I'm not sure if the problem is Word Online not working well in an OS where it is not possible to go between the client and online application, or if the problem is in Chrome OS making it difficult to deal with filetypes that are not born Google Docs, but nothing seemed to really work.  It was hard to find where saved updates of the original Word file would live on the Chromebook, and harder still to share updated files with anyone who was not also using MS Word Online. Office 365 seems to want to keep people in a closed loop of other Office 365 users.

A better choice may be convert the Word document into a Google Doc, as most of the formatting and the Track Changes notes are preserved as comments.
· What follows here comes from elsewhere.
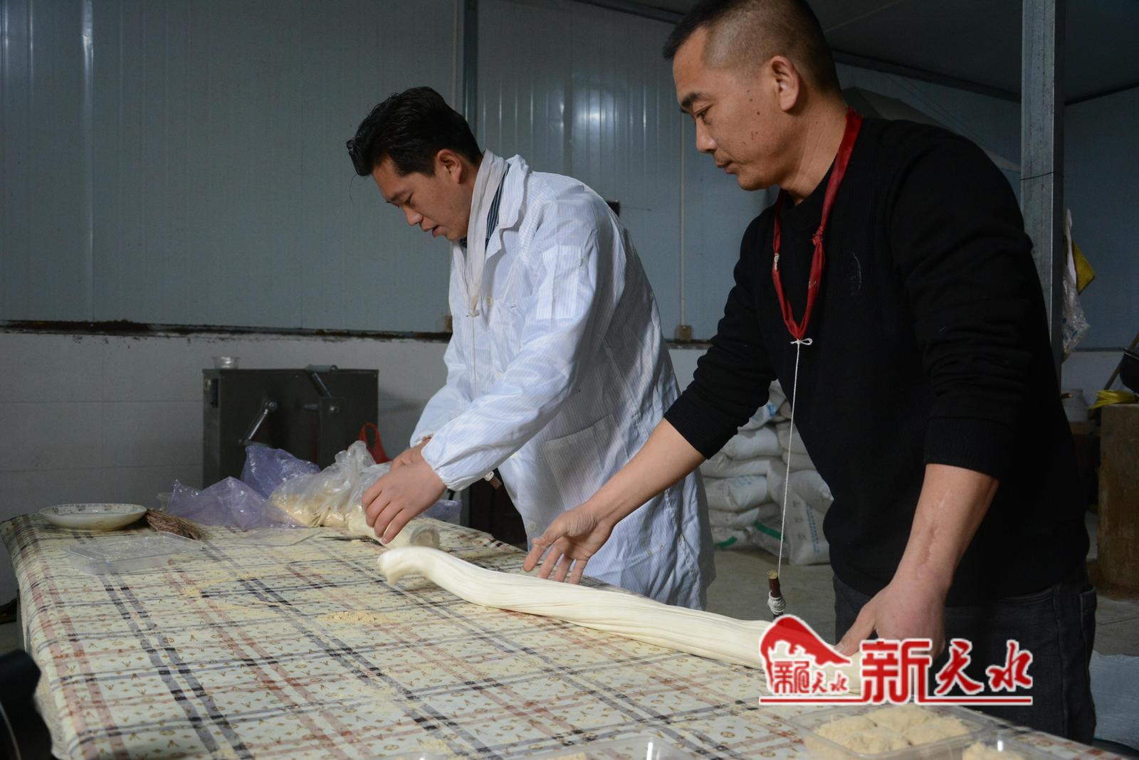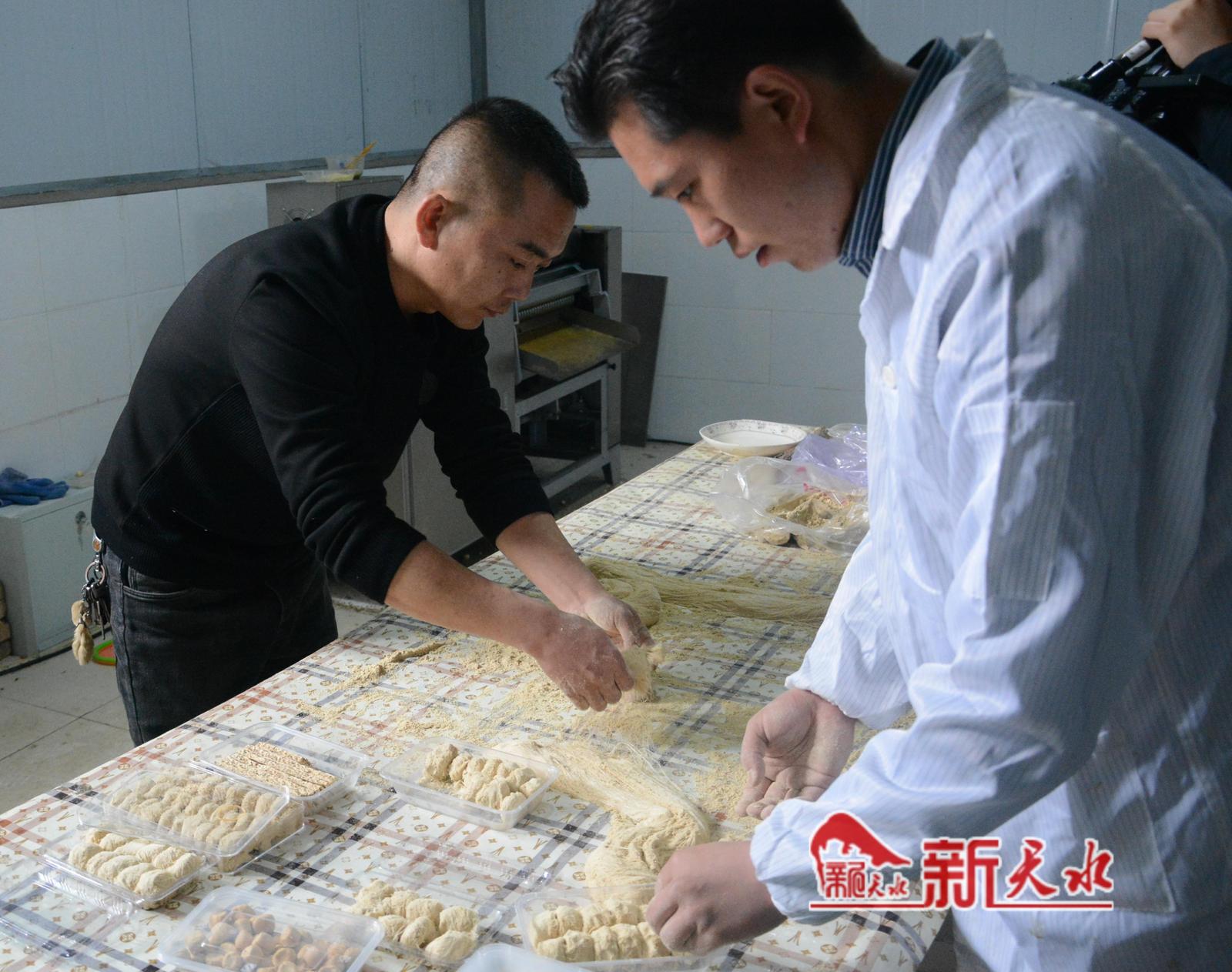 龙须糖,至少需要两人合力完成,制作过程十分精妙。记者看到,糖稀在田觐伟和助手的反复拉伸中越变越细,和上醇香的黄豆面,增加糖的韧性。起初还是一段较硬的糖条,经过田觐伟和助手一番娴熟操作,就变成了柔软的糖丝,细如龙须,吃起来酥甜可口,香气四溢。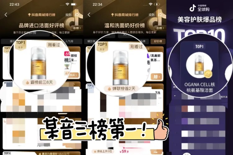 随着yi美护肤从“小众奢享”走向“大众日常”,韩国奥嘉娜的明星单品“核桃洁面“上线即斩获某音三榜第一、一举突破全网百万销售额!

The challenge is that long and complicated documents do not go back and forth between Word and Google Docs all that elegantly.  

The formatting and workflow for collaborative editing on long documents seems to run into some difficulties when converting back and forth between Google and MS formats. If everything is done in Google Docs, or everything is done is in MS Word, than the process of working collaboratively on writing and editing of big documents works well. The problem, it seems, is in the going back and forth between formats and platforms.

Should Google put a focus on having the Chromebook as a back up machine? This would mean paying more attention to easy compatibility with OSX and Windows machines, rather than new features.   

Or should Google be pushing towards a Mac and Windows replacement device?

What has been your experience with going back and forth between Mac/Windows machines and a Chromebook?

What is your backup computer should your main machine die?